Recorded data
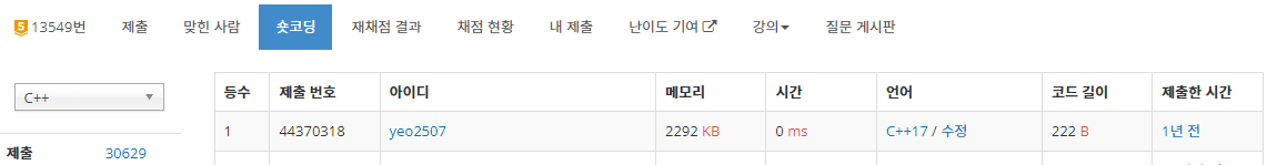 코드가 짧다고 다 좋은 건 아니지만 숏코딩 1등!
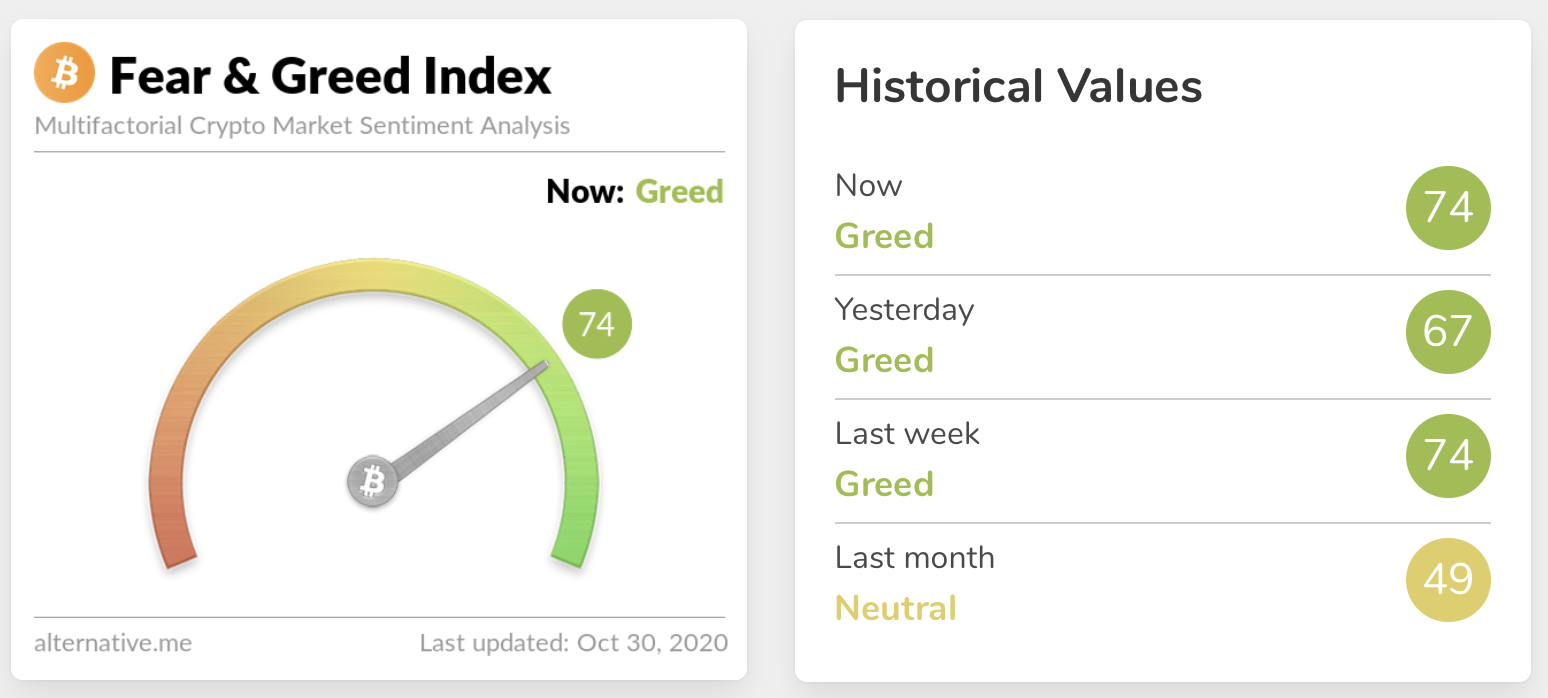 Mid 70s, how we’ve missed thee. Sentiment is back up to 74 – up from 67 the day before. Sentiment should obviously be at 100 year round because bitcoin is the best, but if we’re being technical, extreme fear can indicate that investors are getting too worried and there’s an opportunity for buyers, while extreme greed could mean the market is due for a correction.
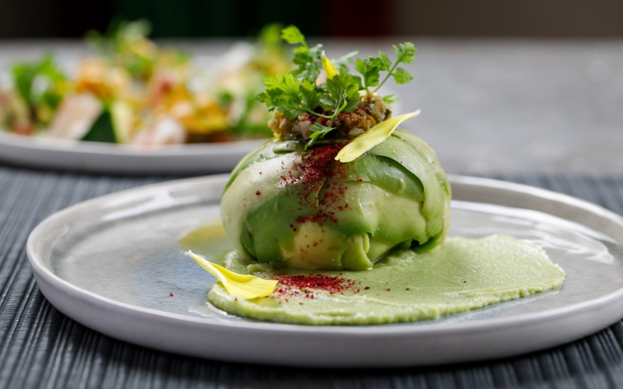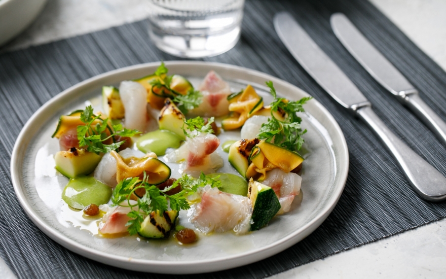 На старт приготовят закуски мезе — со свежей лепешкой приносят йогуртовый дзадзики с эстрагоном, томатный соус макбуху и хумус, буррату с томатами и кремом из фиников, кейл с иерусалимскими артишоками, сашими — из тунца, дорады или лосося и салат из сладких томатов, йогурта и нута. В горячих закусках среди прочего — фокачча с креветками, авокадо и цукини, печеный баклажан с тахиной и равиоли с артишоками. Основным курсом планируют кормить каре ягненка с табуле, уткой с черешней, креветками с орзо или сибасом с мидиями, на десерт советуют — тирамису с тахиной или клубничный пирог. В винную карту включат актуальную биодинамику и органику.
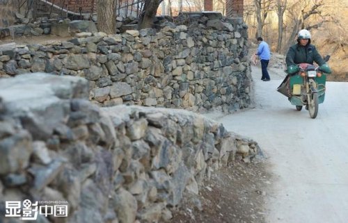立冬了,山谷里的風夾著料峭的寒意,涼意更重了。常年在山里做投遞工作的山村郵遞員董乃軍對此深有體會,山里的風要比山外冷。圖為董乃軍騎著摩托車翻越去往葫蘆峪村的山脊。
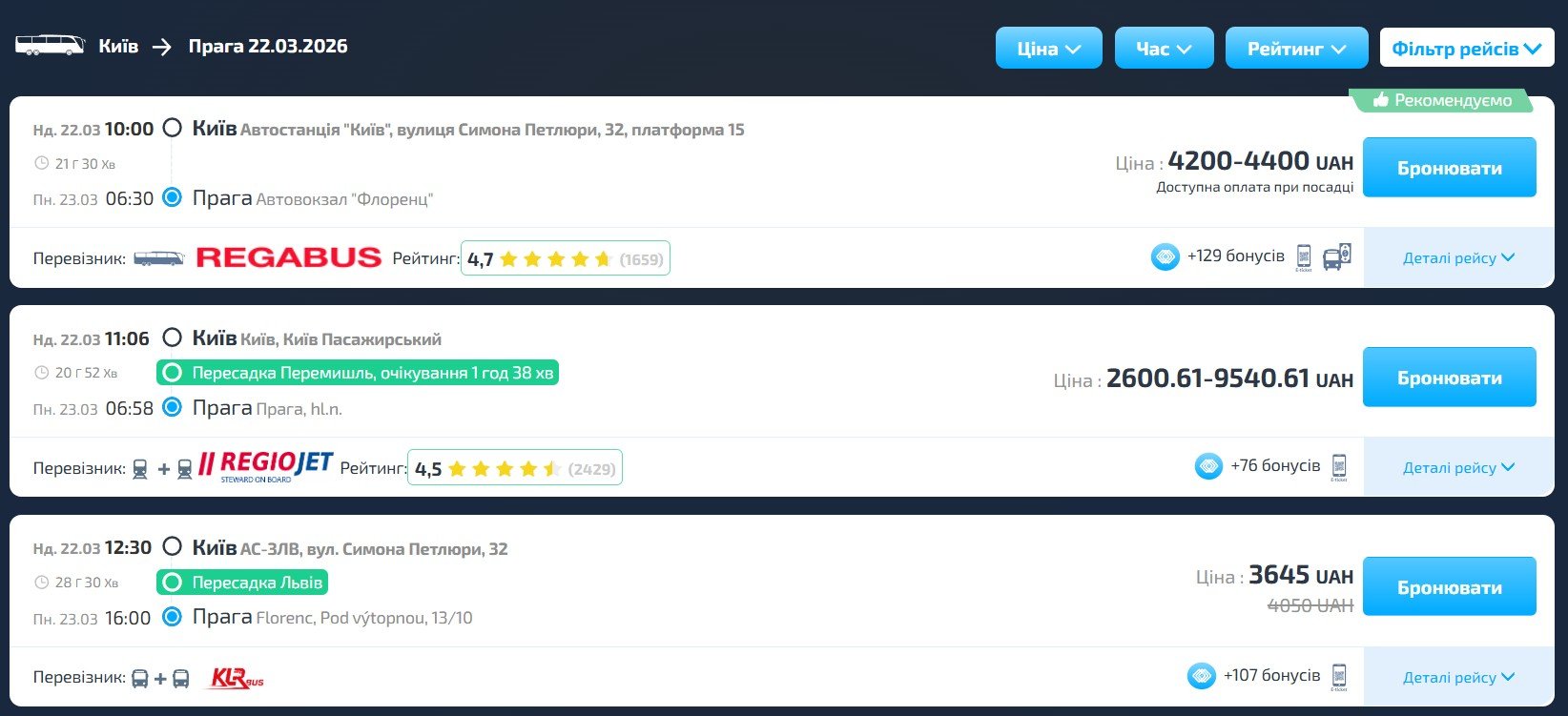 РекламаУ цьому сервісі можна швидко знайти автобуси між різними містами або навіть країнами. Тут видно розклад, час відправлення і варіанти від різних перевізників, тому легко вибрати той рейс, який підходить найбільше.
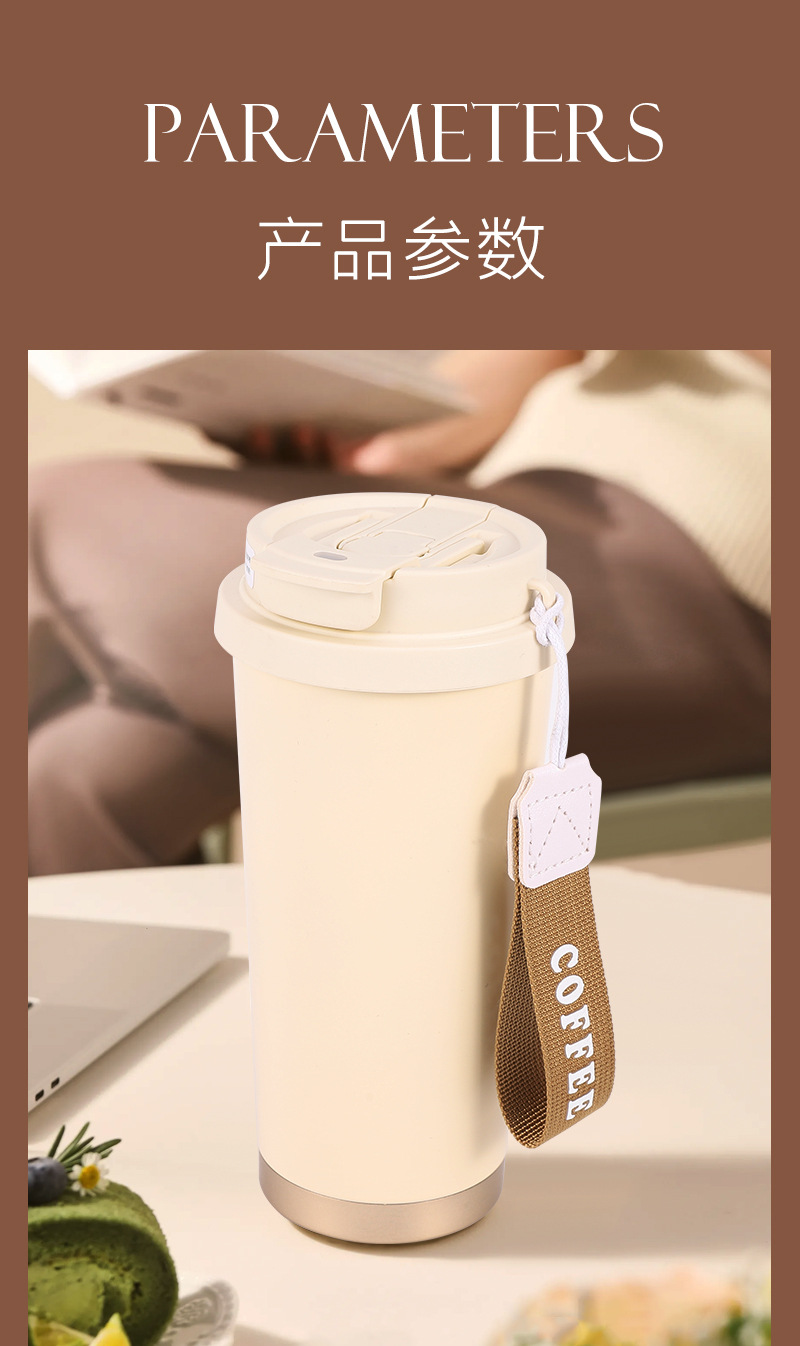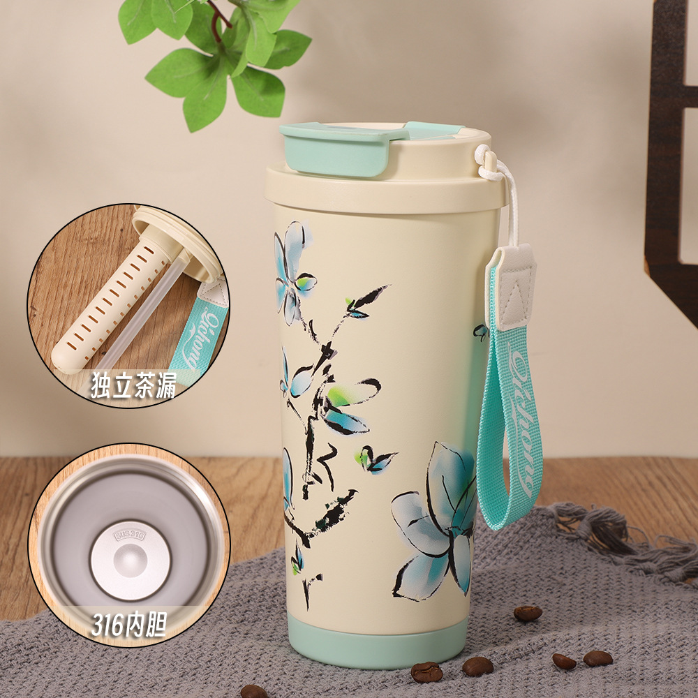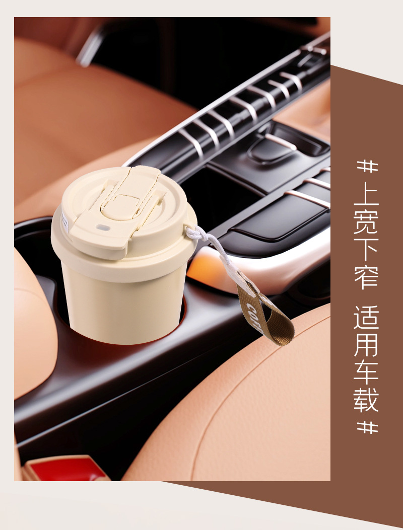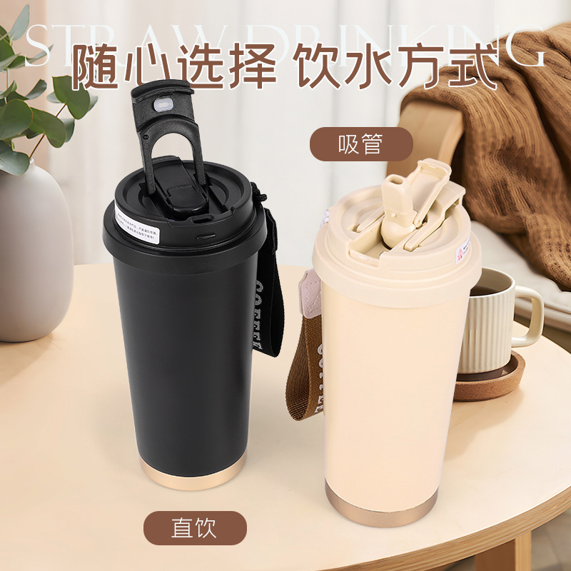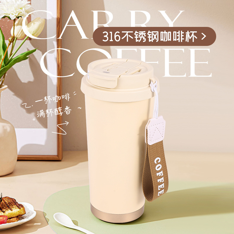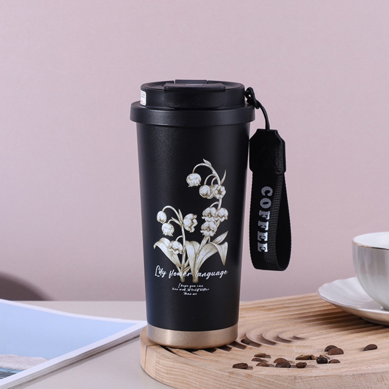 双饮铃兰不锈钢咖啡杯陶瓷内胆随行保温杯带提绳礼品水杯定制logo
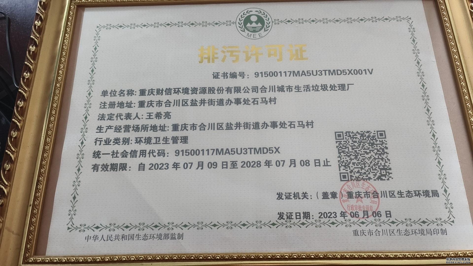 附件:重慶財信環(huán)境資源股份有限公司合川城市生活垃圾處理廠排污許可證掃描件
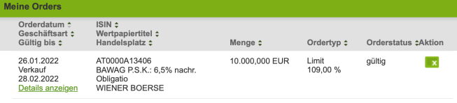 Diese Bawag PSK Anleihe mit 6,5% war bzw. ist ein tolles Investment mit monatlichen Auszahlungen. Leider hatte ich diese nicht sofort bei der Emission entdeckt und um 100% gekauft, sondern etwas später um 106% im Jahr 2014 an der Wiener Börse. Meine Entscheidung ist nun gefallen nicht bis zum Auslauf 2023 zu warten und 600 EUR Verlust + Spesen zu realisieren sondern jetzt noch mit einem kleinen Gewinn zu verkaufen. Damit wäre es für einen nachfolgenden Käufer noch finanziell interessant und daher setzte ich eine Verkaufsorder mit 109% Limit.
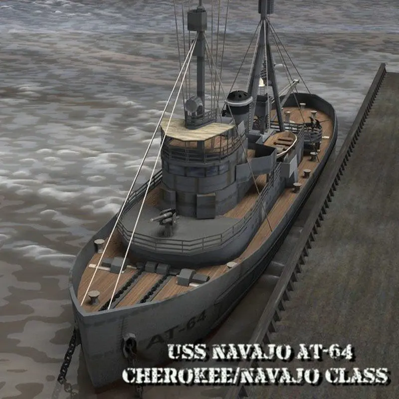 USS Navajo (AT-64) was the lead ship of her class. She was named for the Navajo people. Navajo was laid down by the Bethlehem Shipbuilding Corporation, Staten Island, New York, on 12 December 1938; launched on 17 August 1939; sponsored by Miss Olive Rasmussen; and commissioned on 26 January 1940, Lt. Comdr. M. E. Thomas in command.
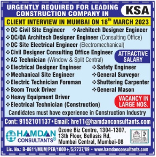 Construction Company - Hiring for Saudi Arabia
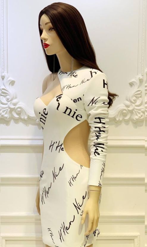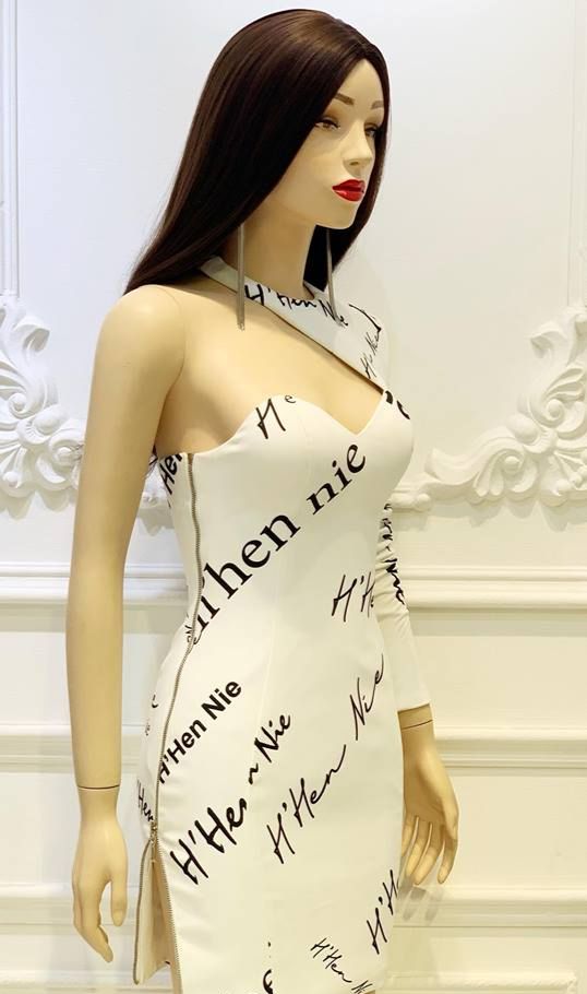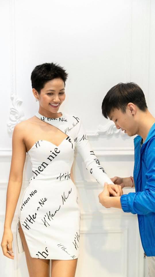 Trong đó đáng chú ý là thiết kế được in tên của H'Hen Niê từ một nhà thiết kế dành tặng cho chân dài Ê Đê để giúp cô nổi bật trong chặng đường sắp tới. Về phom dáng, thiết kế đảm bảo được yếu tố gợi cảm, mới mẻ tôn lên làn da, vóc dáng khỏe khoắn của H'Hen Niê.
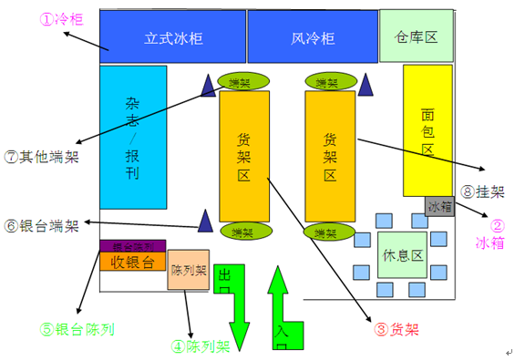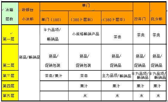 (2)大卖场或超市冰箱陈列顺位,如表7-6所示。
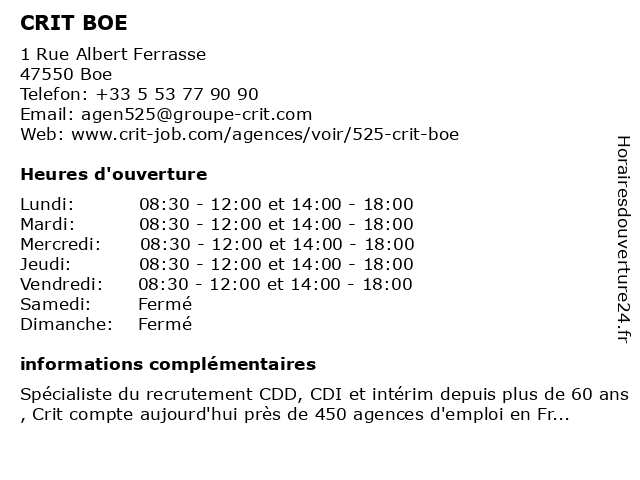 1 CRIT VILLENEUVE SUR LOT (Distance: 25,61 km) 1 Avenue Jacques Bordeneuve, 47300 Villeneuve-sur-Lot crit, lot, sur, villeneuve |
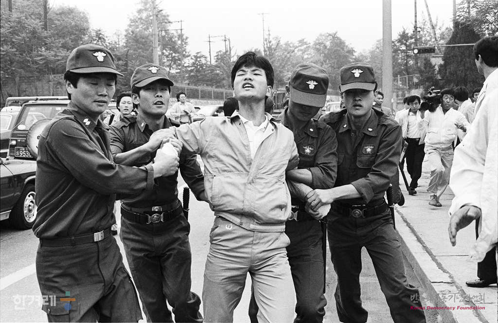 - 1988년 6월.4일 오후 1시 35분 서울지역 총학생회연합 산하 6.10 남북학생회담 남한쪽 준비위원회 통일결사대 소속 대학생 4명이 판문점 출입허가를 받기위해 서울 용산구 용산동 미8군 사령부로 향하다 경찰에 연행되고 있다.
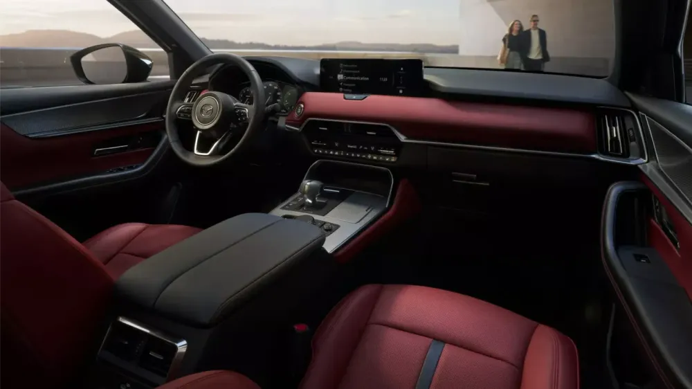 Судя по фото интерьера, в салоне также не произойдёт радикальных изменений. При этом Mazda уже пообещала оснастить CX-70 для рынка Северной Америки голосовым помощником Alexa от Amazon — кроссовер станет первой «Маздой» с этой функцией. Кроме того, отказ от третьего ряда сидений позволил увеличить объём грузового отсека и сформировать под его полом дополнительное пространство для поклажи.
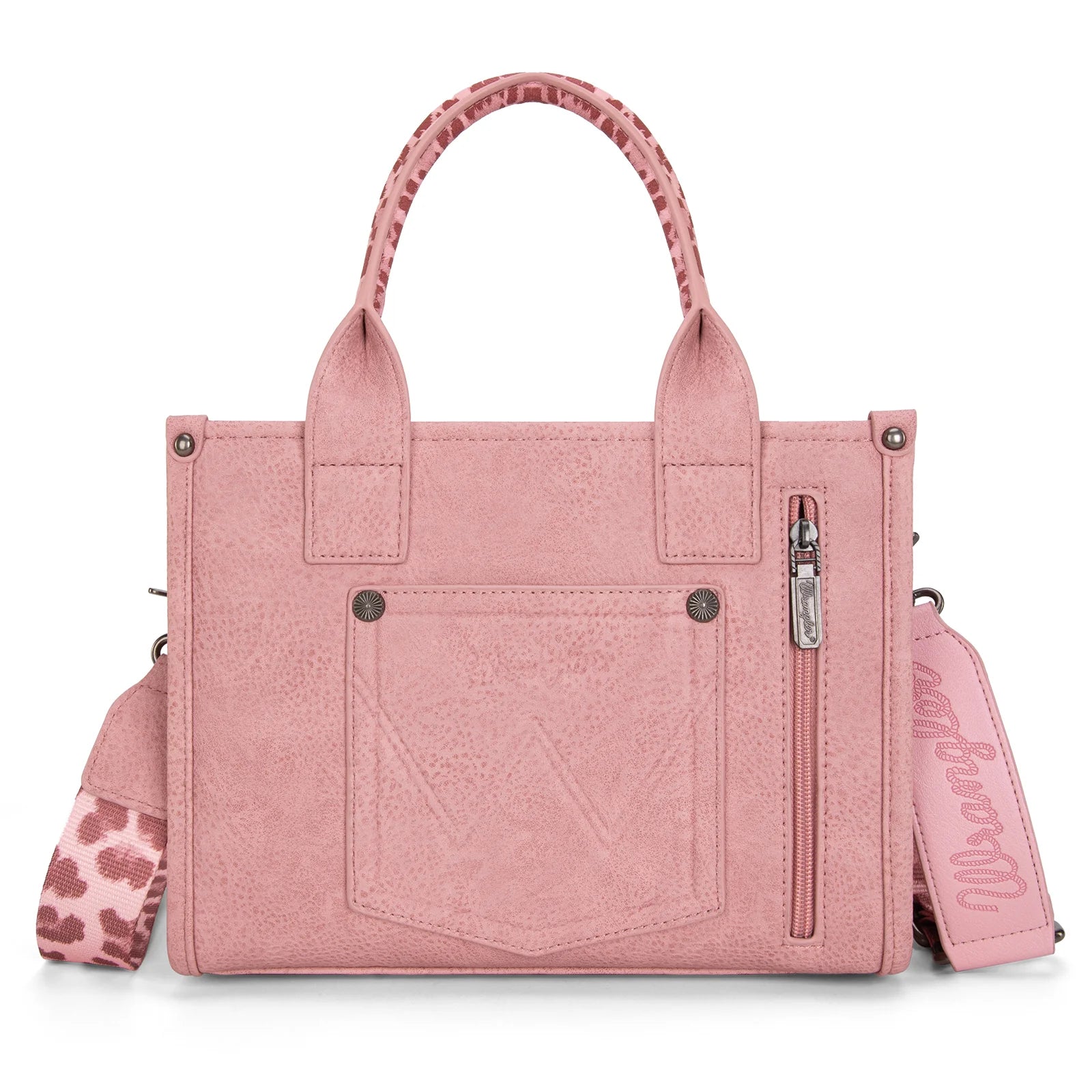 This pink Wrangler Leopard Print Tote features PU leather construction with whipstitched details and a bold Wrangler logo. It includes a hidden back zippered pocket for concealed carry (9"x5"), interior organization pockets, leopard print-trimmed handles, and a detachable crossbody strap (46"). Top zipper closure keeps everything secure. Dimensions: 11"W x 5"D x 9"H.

**WORK TASK**
Give back exactly, and solely, the section of the data above bounded by the line containing "На старт приготовят" and the line containing "РекламаУ цьому сервісі", both bounding lines included and pictures omitted.

**COMPLETED EXERCISE**
 На старт приготовят закуски мезе — со свежей лепешкой приносят йогуртовый дзадзики с эстрагоном, томатный соус макбуху и хумус, буррату с томатами и кремом из фиников, кейл с иерусалимскими артишоками, сашими — из тунца, дорады или лосося и салат из сладких томатов, йогурта и нута. В горячих закусках среди прочего — фокачча с креветками, авокадо и цукини, печеный баклажан с тахиной и равиоли с артишоками. Основным курсом планируют кормить каре ягненка с табуле, уткой с черешней, креветками с орзо или сибасом с мидиями, на десерт советуют — тирамису с тахиной или клубничный пирог. В винную карту включат актуальную биодинамику и органику.
立冬了,山谷里的風夾著料峭的寒意,涼意更重了。常年在山里做投遞工作的山村郵遞員董乃軍對此深有體會,山里的風要比山外冷。圖為董乃軍騎著摩托車翻越去往葫蘆峪村的山脊。
 РекламаУ цьому сервісі можна швидко знайти автобуси між різними містами або навіть країнами. Тут видно розклад, час відправлення і варіанти від різних перевізників, тому легко вибрати той рейс, який підходить найбільше.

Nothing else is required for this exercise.